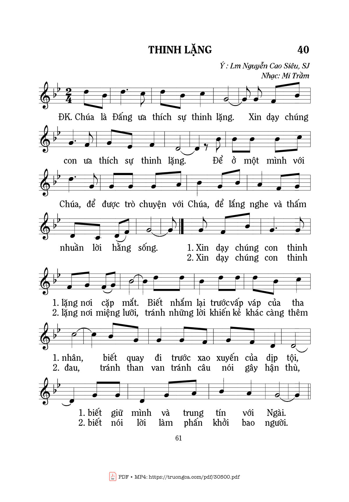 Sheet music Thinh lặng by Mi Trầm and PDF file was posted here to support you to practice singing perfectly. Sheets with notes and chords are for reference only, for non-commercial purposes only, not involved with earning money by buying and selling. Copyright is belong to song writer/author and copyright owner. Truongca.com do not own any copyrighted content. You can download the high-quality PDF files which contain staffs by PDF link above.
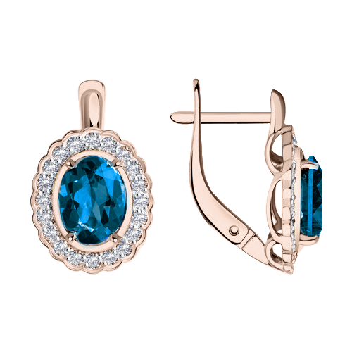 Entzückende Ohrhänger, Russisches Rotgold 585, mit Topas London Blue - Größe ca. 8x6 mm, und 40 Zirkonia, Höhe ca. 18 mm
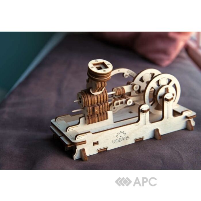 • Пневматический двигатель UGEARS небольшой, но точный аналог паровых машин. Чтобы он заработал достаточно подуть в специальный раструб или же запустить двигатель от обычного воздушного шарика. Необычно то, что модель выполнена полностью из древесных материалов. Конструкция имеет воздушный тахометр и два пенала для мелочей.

+ + + +

### TASK GOAL
Reproduce only the lines from the first line of the listing above up to and including the line that holds "Entzückende Ohrhänger, Russisches". Omit the pictures.

### TASK RESULT
 Sheet music Thinh lặng by Mi Trầm and PDF file was posted here to support you to practice singing perfectly. Sheets with notes and chords are for reference only, for non-commercial purposes only, not involved with earning money by buying and selling. Copyright is belong to song writer/author and copyright owner. Truongca.com do not own any copyrighted content. You can download the high-quality PDF files which contain staffs by PDF link above.
 Entzückende Ohrhänger, Russisches Rotgold 585, mit Topas London Blue - Größe ca. 8x6 mm, und 40 Zirkonia, Höhe ca. 18 mm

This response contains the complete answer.